Insights Into Building Smart Cities

Part of what makes planning such a rewarding profession is that we have a direct say in how our future communities will work and appear. What often becomes an issue, however, is setting out specific steps to achieve these envisioned towns and cities.

This is particularly true of “smart cities”. There’s no doubt that smart cities are more than a “should do” – they’re a “must do”. Execution is something many planners struggle with, which is why we’re providing a bit more insight into the smart city concept.


A proactive approach to infrastructure

Our population is growing at a healthy rate, which means spending more time behind the wheel in traffic when we’d rather be at home or the beach.

Populations shouldn’t have to wait years and years to “qualify” for government upgrades in infrastructure. Traffic problems shouldn’t have to be chronic before they are fixed.

Because of these unsavoury commute times, this also means that more people are vying to live in inner urban areas rather than the suburbs. This only compounds the issue as it makes the population of cities denser.

Many of these problems can be eliminated by being proactive rather than reactive when it comes to infrastructure.
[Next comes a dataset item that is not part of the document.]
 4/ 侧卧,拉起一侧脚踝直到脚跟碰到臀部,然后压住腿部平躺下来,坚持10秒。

This means taking into account historical community issues and understanding both the current and future needs of a population.
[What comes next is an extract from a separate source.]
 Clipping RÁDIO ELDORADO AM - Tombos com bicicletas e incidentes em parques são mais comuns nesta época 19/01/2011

The development of employment clusters

Another reason why people want to live in inner urban areas is that it tends to be where they work.
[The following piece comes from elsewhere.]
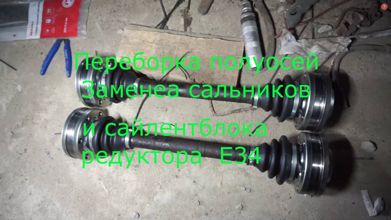 Переборка полуосей, замена сальников и сайлентблока редуктора BMW E34 0:00 Начало 0:58 Снятие полуосей 4:08 Переборка ШРУС E34 6:33 Обзор комплектов ШРУС Meyle vs Stellox vs Nakayama 14:15 Сборка полуосей 17:56 Установка хомута ШРУСа спец инструментом 20:25 Самый ценный совет про ШРУС 20:49 Снятие редуктора E34 26:20 Замена сальников редуктора E34 29:24 Установка сайлентблока редуктора E34 от сложной балки на простую 31:52 Установка редуктора на простою балку 32:46 Установка полуосей 33:48 Итоги

Employment clustering can be a solution to this far too common issue. Existing areas where job opportunities lie beyond the city limits (like small-scale manufacturing areas) can be identified. Planning authorities, local councils, and state governments can then dig in and create conditions that encourage employers to relocate and expand, as well as make the area more attractive to populations.

The great thing about this concept is that it doesn’t have to consume a lot of time or resources. It can be as simple as:

  • Creating green spaces
  • Providing basic amenities (such as a community or recreational centre)
  • Having a variety of dining options available
  • Building bike lanes


The reduction of travel time

State and local governments largely subsidise public transportation. If the full cost were passed to the commuters, the extravagant fares would price a lot of people out of using it. This would likely result in another fare increase to account for those losses, forcing the remaining commuters to pay higher fees which would again reduce the number of people using the service.

We can avoid this vicious cycle, while also saving governments resources, by creating plans allowing people to either work at home or closer to their employer. Local authorities can be incentivised to develop “co-working” areas or hubs so that employees only spend upwards of 15 minutes travelling to a suburban or neighbourhood hub rather than endure a long commute into the city.

The smart city planners of today are building the cities of tomorrow. To do so effectively means recognising past flaws, expanding our perspectives, and working strategically in order to build new and sustainable smart Australian communities.